Hi, I got the KeyError below. Is anyone know how to fix it? Thanks a lot.

poetry run python start_us.py
[2024-08-21 13:25:20] Assigning Jobs
Processing Scraped Posts
  0%|                                                                                             | 0/436 [00:00<?, ?it/s]Traceback (most recent call last):
  File "/home/ubuntu/work/UltimaScraper/start_us.py", line 62, in <module>
    asyncio.run(main())
  File "/usr/lib/python3.10/asyncio/runners.py", line 44, in run
    return loop.run_until_complete(main)
  File "/usr/lib/python3.10/asyncio/base_events.py", line 649, in run_until_complete
    return future.result()
  File "/home/ubuntu/work/UltimaScraper/start_us.py", line 44, in main
    _api = await USR.start(
  File "/home/ubuntu/work/UltimaScraper/ultima_scraper/ultima_scraper.py", line 50, in start
    await self.start_datascraper(datascraper)
  File "/home/ubuntu/work/UltimaScraper/ultima_scraper/ultima_scraper.py", line 137, in start_datascraper
    await datascraper.datascraper.api.job_manager.process_jobs()
  File "/home/ubuntu/work/UltimaScraper/.venv/lib/python3.10/site-packages/ultima_scraper_api/managers/job_manager/job_manager.py", line 45, in process_jobs
    await asyncio.create_task(self.__worker())
  File "/home/ubuntu/work/UltimaScraper/.venv/lib/python3.10/site-packages/ultima_scraper_api/managers/job_manager/job_manager.py", line 53, in __worker
    await job.task
  File "/home/ubuntu/work/UltimaScraper/.venv/lib/python3.10/site-packages/ultima_scraper_collection/modules/module_streamliner.py", line 202, in prepare_scraper
    await self.process_scraped_content(
  File "/home/ubuntu/work/UltimaScraper/.venv/lib/python3.10/site-packages/ultima_scraper_collection/modules/module_streamliner.py", line 237, in process_scraped_content
    unrefined_set: list[dict[str, Any]] = await tqdm_asyncio.gather(
  File "/home/ubuntu/work/UltimaScraper/.venv/lib/python3.10/site-packages/tqdm/asyncio.py", line 79, in gather
    res = [await f for f in cls.as_completed(ifs, loop=loop, timeout=timeout,
  File "/home/ubuntu/work/UltimaScraper/.venv/lib/python3.10/site-packages/tqdm/asyncio.py", line 79, in <listcomp>
    res = [await f for f in cls.as_completed(ifs, loop=loop, timeout=timeout,
  File "/usr/lib/python3.10/asyncio/tasks.py", line 571, in _wait_for_one
    return f.result()  # May raise f.exception().
  File "/home/ubuntu/work/UltimaScraper/.venv/lib/python3.10/site-packages/tqdm/asyncio.py", line 76, in wrap_awaitable
    return i, await f
  File "/home/ubuntu/work/UltimaScraper/.venv/lib/python3.10/site-packages/ultima_scraper_collection/managers/datascraper_manager/datascrapers/onlyfans.py", line 51, in media_scraper
    content_metadata.resolve_extractor(Extractor(post_result))
  File "/home/ubuntu/work/UltimaScraper/.venv/lib/python3.10/site-packages/ultima_scraper_collection/managers/metadata_manager/metadata_manager.py", line 216, in resolve_extractor
    self.medias: list[MediaMetadata] = result.get_medias(self)
  File "/home/ubuntu/work/UltimaScraper/.venv/lib/python3.10/site-packages/ultima_scraper_collection/managers/metadata_manager/metadata_manager.py", line 147, in get_medias
    main_url = self.item.url_picker(asset_metadata)
  File "/home/ubuntu/work/UltimaScraper/.venv/lib/python3.10/site-packages/ultima_scraper_api/apis/onlyfans/__init__.py", line 39, in url_picker
    source = media_item["source"]
KeyError: 'source'

Neurosis404 commented 3 weeks ago

Happens to me too.

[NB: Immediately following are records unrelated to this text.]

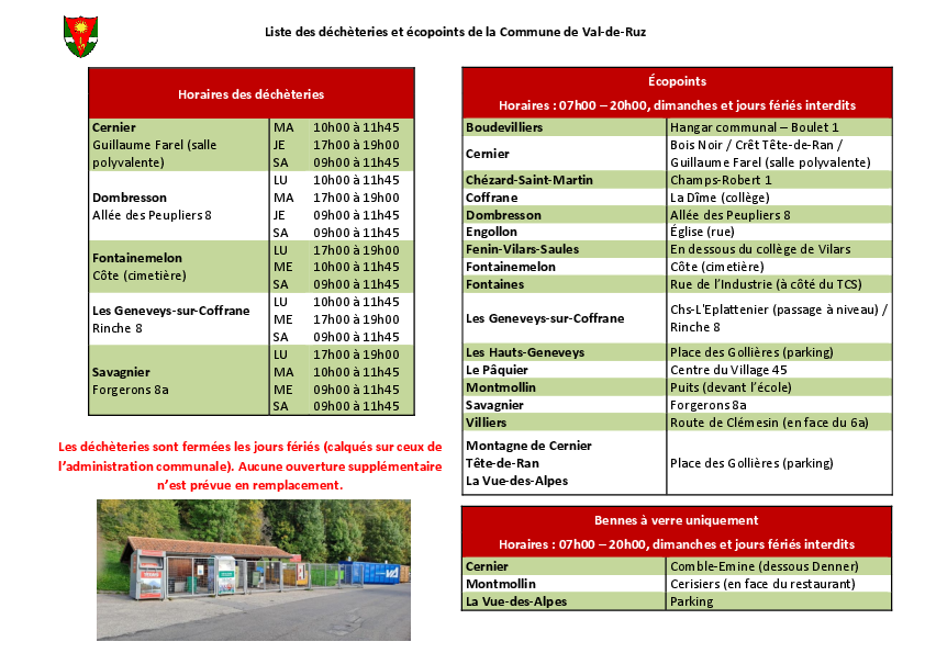 Actuellement, seule l'entreprise SVEDEL SA est autorisée à collecter les déchets urbains sur le territoire de la Commune de Val-de-Ruz, sauf accord contraire de la Commune.
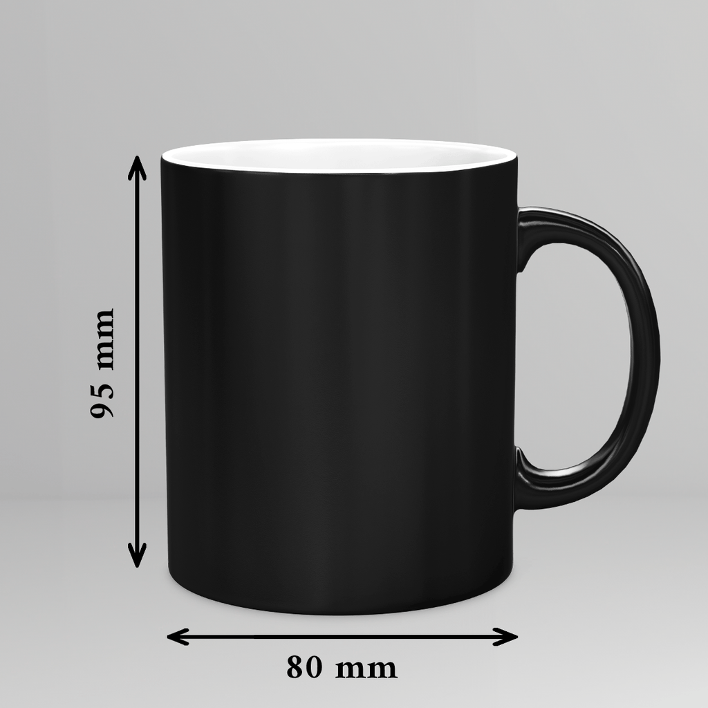 Ein schwarzer, scheinbar unauffälliger Becher wird Ihren täglichen Kaffee oder Tee mit ein wenig Magie noch besser schmecken lassen. Füllen Sie die Tasse einfach mit einem heißen Getränk und Sie werden eine Grafik, ein Foto oder eine Aufschrift sehen, die darunter versteckt ist!
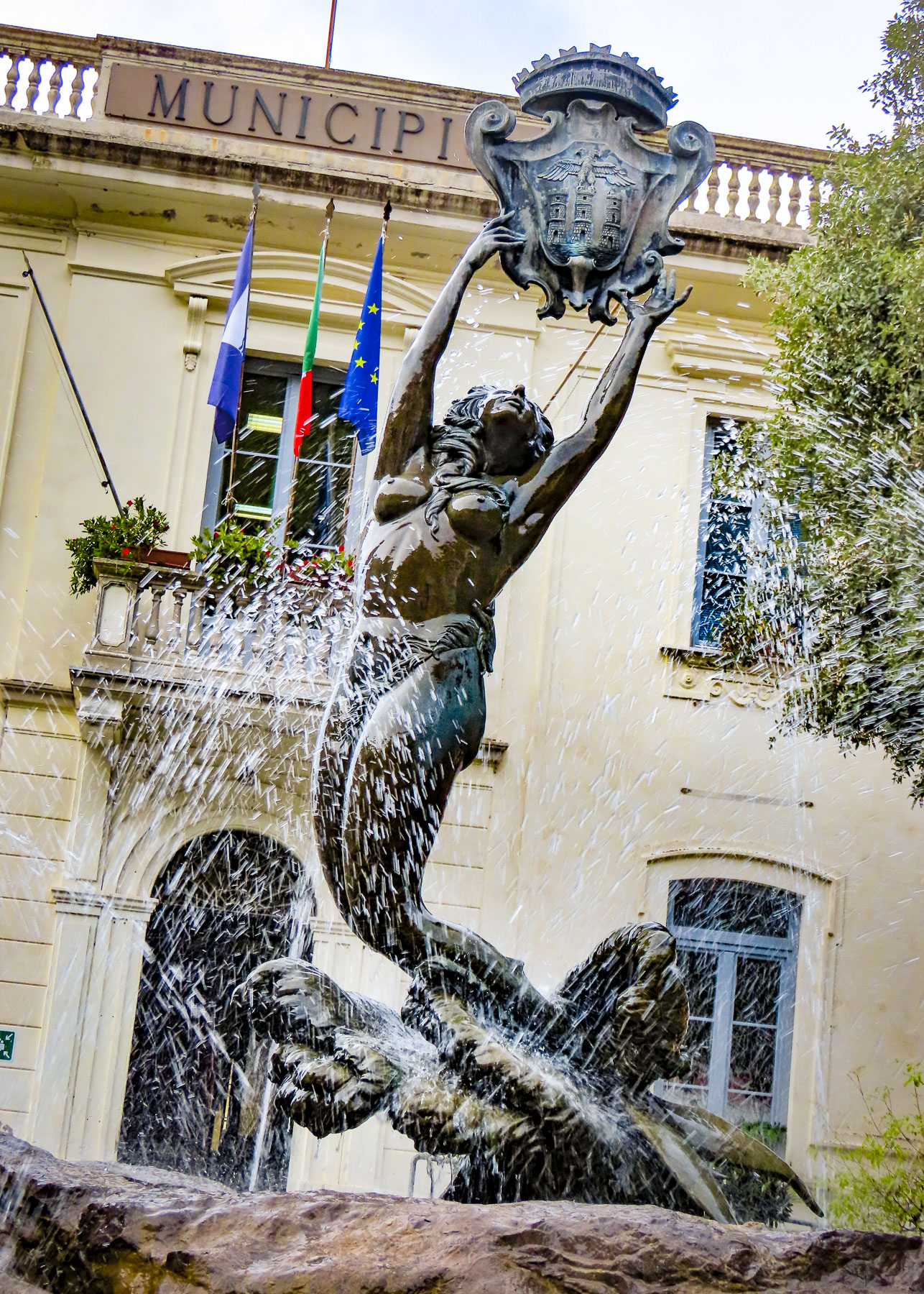 With the port as our destination for lunch, it was a pleasant stroll along near empty sidewalks to Chiostro di San Francesco, a 14th century convent with a lush, greenery-filled cloister that now hosted other activities and concerts. On the top floor Raffaele Celentano’s photography school and gallery had a marvelous patio shaded by the canopy of stately tree. A wooden swing hanging from its branches brought smiles to the faces of many gallery visitors as they playfully took a turn.
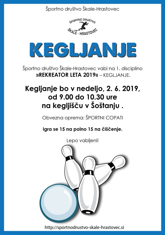 Vabimo vas na prvo disciplino za pokal Rekreator leta 2020, ki bo potekala na kegljišču v Šoštanju. Lepo vabljeni vsi krajani KS Škale-Hrastovec, KS Cirkovce ter KS Plešivec. Več kot nas bo, bolj zanimivo bo!
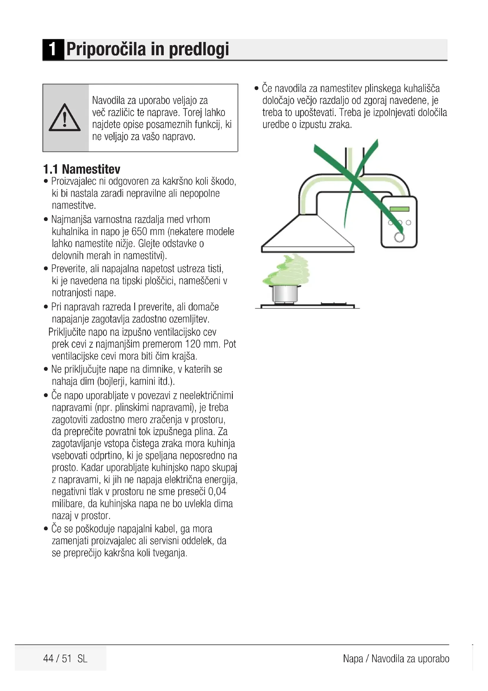 - Če navodila za namestitev plinskega kuhališča določajo večjo razdaljo od zgoraj navedene, je treba to upoštevati. Treba je izpolnjevati določila uredbe o izpustu zraka.45 / 51 SLNapa / Navodila za uporabo

Worked 3-4 days ago, issue appeared suddenly without any visible reason. Also not model related, tried another one and the error appears there too.

betoalanis commented 3 weeks ago

+1

I pick "scrape all" and still, so I can confirm it has nothing to do with a model in specific, I think source just means OF in general.

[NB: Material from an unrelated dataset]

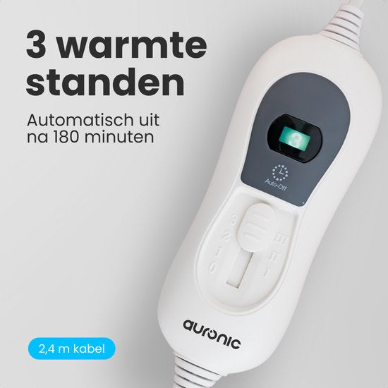 Dieu aux nuits froides avec la couverture électrique Auronic ! Cette sous-couverture chauffante vous assure de ne plus jamais avoir à vous coucher dans un lit frais. Avec trois niveaux de chaleur réglables de 35°C à 55°C et un arrêt automatique après 3 heures, vous bénéficierez d'un confort thermique optimal. Idéale pour les personnes souffrant d'une mauvaise circulation sanguine ou d'arthrose. Grâce aux coins élastiques, la couverture reste bien en place.
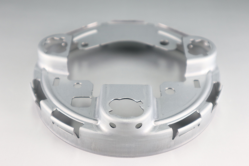プレス製品 ドライバーエアバッグ部品 ドライバーエアバッグ部品 順送型と単発型の固有技術の複合によりどちらかだけでは不可能な形状を実現。 金型製作前にプレス成型解析を活用することで最適な工程をシミュレートします。 単発型搬送ラインにより高い生産性を維持します。

gri1n commented 3 weeks ago

+1

Is this project event maintained anymore?

felixtheant commented 2 weeks ago

Haven't used this in awhile and when I do, I get the same error.

barthramsay commented 2 weeks ago

Some investigation about general updates (because this codebase is old):

When looking at recent pypi package dependencies where the error happens with version 1.1.4 of ultima-scraper-api

and especially UltimaScraper ITSELF on pypi it seems that the latest UltimaScraper on pypi is newer than what is available in github.

I will investigate further but probably upgrading ultimascraper with last pypi sources will maybe or most likely fix this issue?

The codebase here is outdated with dependencies 2 years old but the pypi one using recent versions from this year from first view.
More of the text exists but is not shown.